In the past, mere lip service has been paid to the urgent need to diversify the economy and to lessen the dependence of the country on sugar, rice and bauxite, the three main pillars of the economy. The government must embark on measures to stabilize the economy from these external shocks. It presents the perfect opportunity for the administration to adopt an entrepreneurial mindset that can lead to new developmental strategies, innovation and value creation. In a shrinking economy like what Guyana is currently experiencing, there is little debate that the entrepreneurs must be the drivers of needed expansion.
The dwindling economy has led to high unemployment and underemployment among youths. Employment opportunities are slim for the thousands of high school and university graduates each year. The onus is on the government to have the University of Guyana train students not only to pass exams but for them to aspire to be entrepreneurs – essentially to create jobs rather than to knock on doors looking for jobs.
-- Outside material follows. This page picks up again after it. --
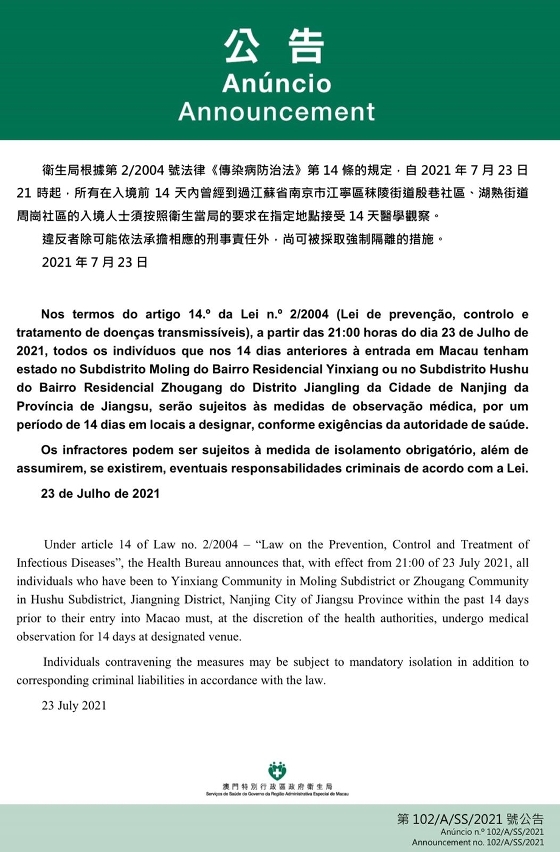 O Centro de Coordenação de Contingência do Novo Tipo de Coronavírus informa que tendo em consideração a evolução epidemiológica mais actualizada da Cidade de Nanjing da Província de Jiangsu, nos termos do artigo 14.º da Lei n.º 2/2004 (Lei de prevenção, controlo e tratamento de doenças transmissíveis), a partir das 21:00 horas do dia 23 de Julho de 2021, todos os indivíduos que nos 14 dias anteriores à entrada em Macau tenham estado no Subdistrito Moling do Bairro Residencial Yinxiang ou no Subdistrito Hushu do Bairro Residencial Zhougang do Distrito Jiangling da Cidade de Nanjing da Província de Jiangsu, serão sujeitos às medidas de observação médica, por um período de 14 dias em locais a designar, conforme exigências da autoridade de saúde.

More than ever, the government needs to focus on institutionalizing an entrepreneurship education programme at UG. This would require an ongoing cycle of learning and innovation that will bring about sustainable job creation in a tight job market, in addition to boosting the economy.
This is the perfect opportunity for the University of Guyana, the premier post-secondary education institution in Guyana, to integrate the development of entrepreneurial skills, attitudes and behaviours into its core curriculum. We reiterate that students acquiring this skill set will seize the opportunity to imagine and create successful ventures, by shifting their focus away from finding jobs to creating a space for themselves in the marketplace. They will in essence turn obstacles into opportunity.
For decades, governments have always made speeches about the need to diversify and expand the economy, but not much has been done to match words with actions. The depreciation of oil prices by more than 50 percent in the past year had provided a great opportunity for the government to expand the economy. This should have been its focus, especially at a time when there were clear signs that the economy was sliding. It should have been a no-brainer for the coalition government. But now that oil prices are rising again, it will be difficult.
Entrepreneurship education is vital. It was not on the agenda of the last administration, which left several unfinished projects all over the country for the current government to complete. Unfortunately, that administration did not realize how significant entrepreneurship education was or even took the time to invest in the idea. As a result, it did not make any plans in that regard.
If serious consideration had been given to this and the vast resources of the people were pooled to really tackle it, the country may not have been in the dilemma it is today.
In a period of economic uncertainty, there are all sorts of problems. It is time for the government to take action to improve the economy. It is pitiful that our governments have continuously relied on foreigners, who have very little knowledge of Guyana, to develop the economy. This administration needs to break away from that mentality and allow Guyanese experts to help in the pursuit of meaningful change in all sectors. The country will not find its way if it is always depending on foreigners to rescue it.